§ **EXERCISE GOAL**: After locating the line that contains "let me know!", quote it and all lines after it through the end of the entries, and nothing more. Pictures stay out.

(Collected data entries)
---

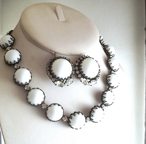 Title (ebay affiliate link): Vintage Milk Glass Clear Rhinestone Necklace Earrings SET Demi Parure
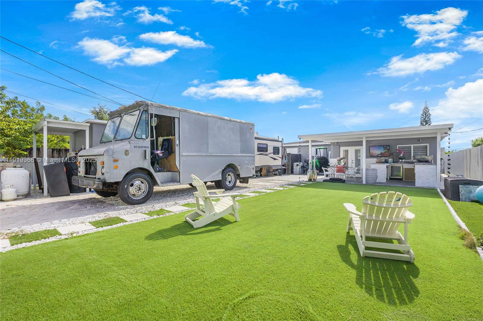 Beautiful 3-bedroom, 2 bathroom home in Homestead featuring a bright open floor plan, modern flooring, recessed lighting, and an updated kitchen with white cabinetry, quartz counters, stainless steel appliances, and plenty of storage. Stylish bathrooms and an indoor laundry area add convenience. The backyard is an entertainer’s dream with a spacious covered outdoor kitchen, bar area, TV setup, and low-maintenance turf. Property offers gated parking with room for RVs, boats, or work trailers. Includes an on-site RV for extra space or storage. Move-in ready and located near schools, shopping, and major highways.
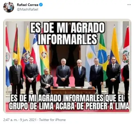 Ecuador: Rafael Correa publicado un meme burlándose del Grupo Lima tras ...
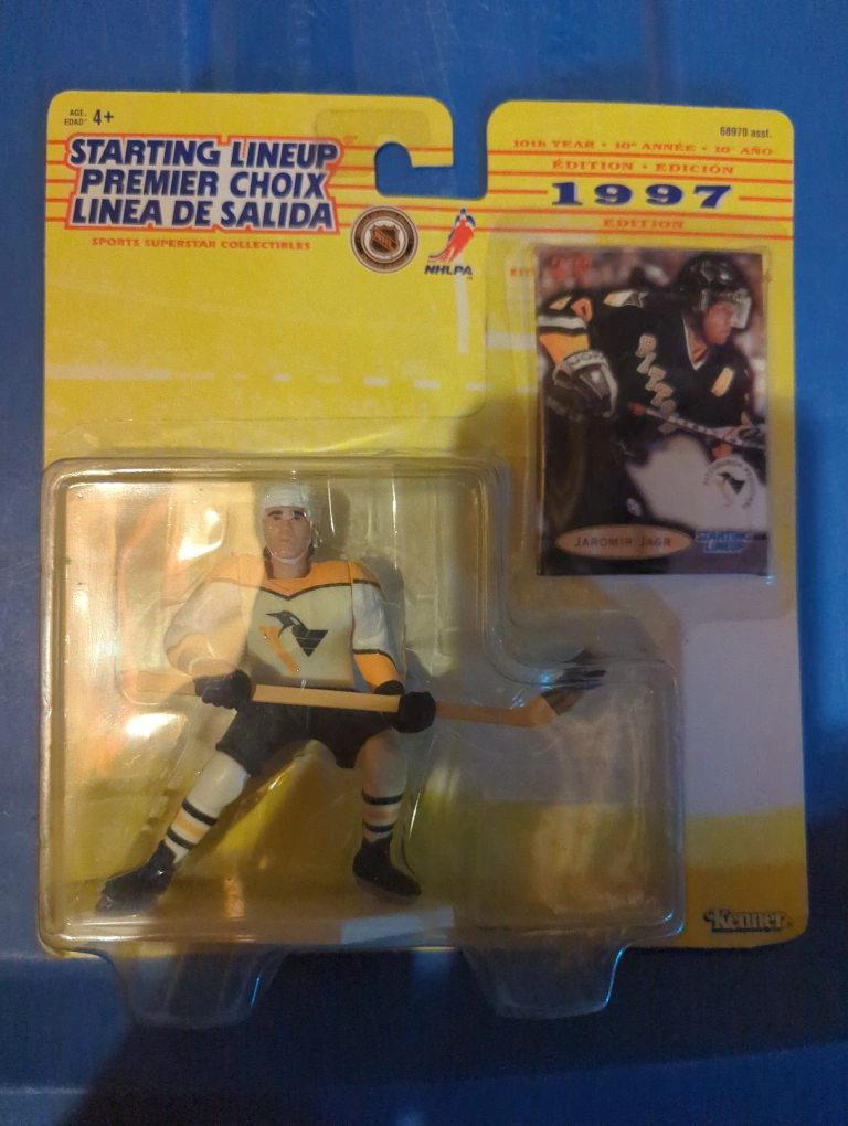Selling a Jaromir Jagr Starting Lineup figure from the 1997 Edition! It's still in its original packaging. This is a great collectible for any hockey fan, especially those who admire Jaromir Jagr. Recommended for ages 4 and up!
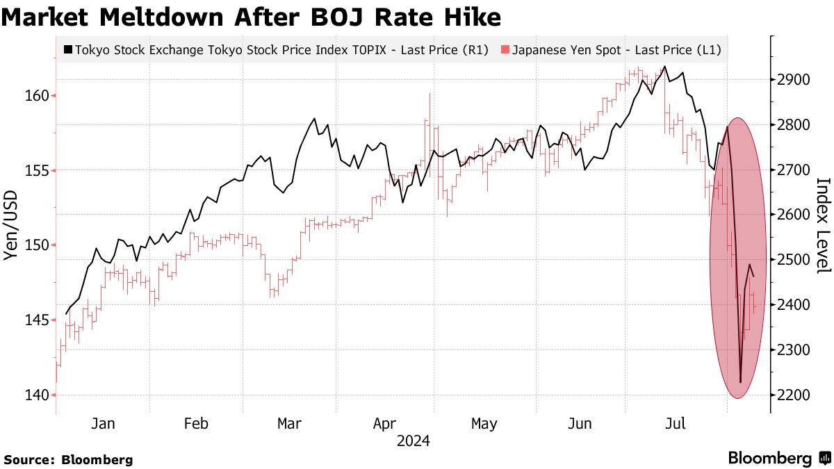 银行七月会议的意见摘要显示,九名董事会成员中的一些强调货币政策将保持宽松。然而,日本利率上升的可能性摧毁了套利交易,投资者在低利率货币中借款并将资金投入高回报市场。根据摩根大通的数据,全球四分之三的套利交易现在已被移除。
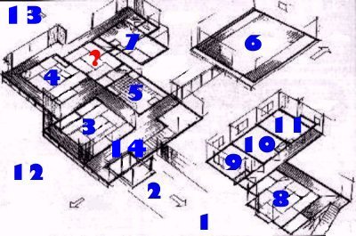 The "?" is a place which I can't identify yet. If anyone knows what that place is, please let me know. Thanks. Also If I'm wrong in any of the place/locations, let me know!
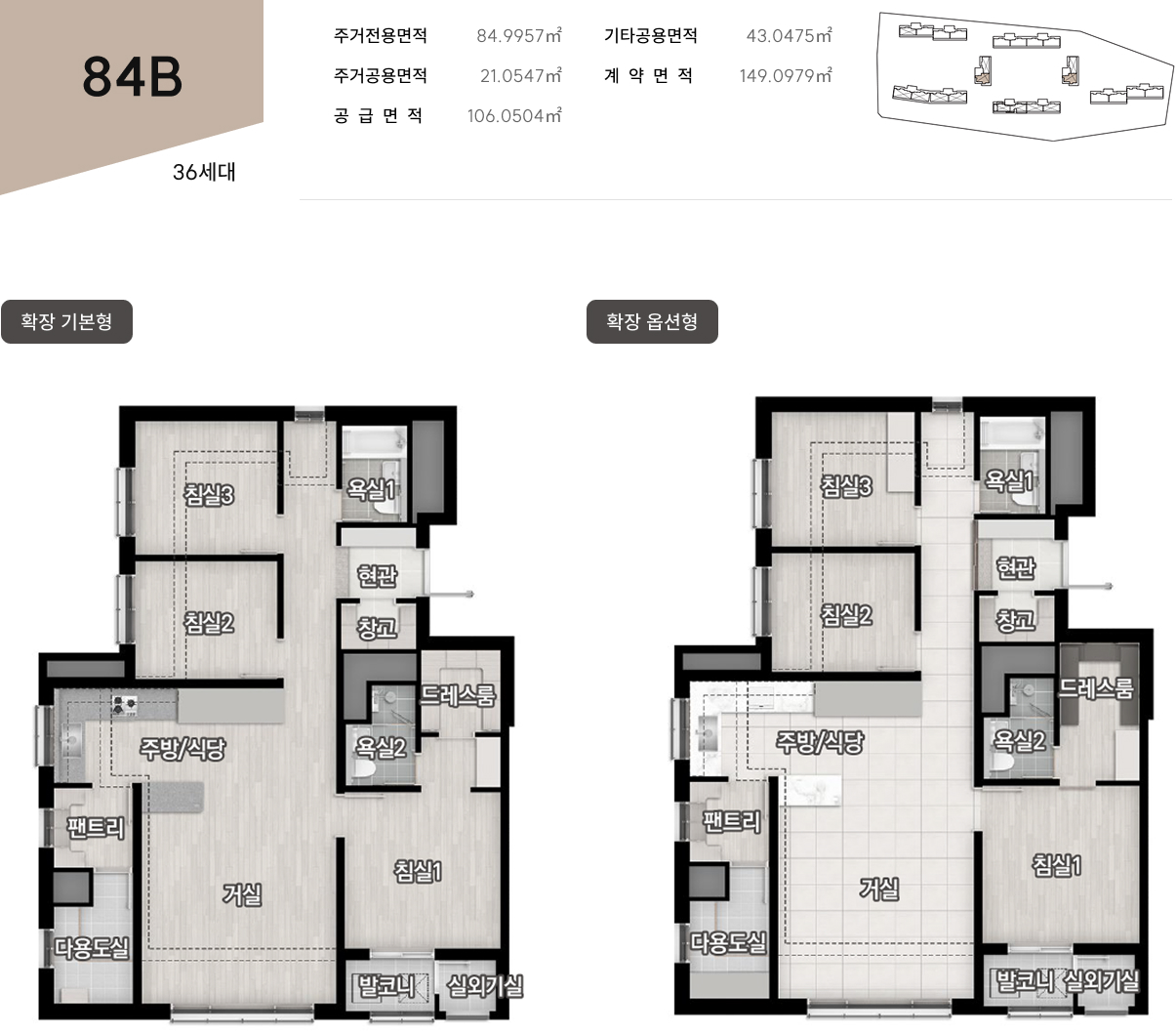 실사용을 키우는 평면, 84·107㎡의 투트랙

---

§ **TASK SOLUTION**:
 The "?" is a place which I can't identify yet. If anyone knows what that place is, please let me know. Thanks. Also If I'm wrong in any of the place/locations, let me know!
 실사용을 키우는 평면, 84·107㎡의 투트랙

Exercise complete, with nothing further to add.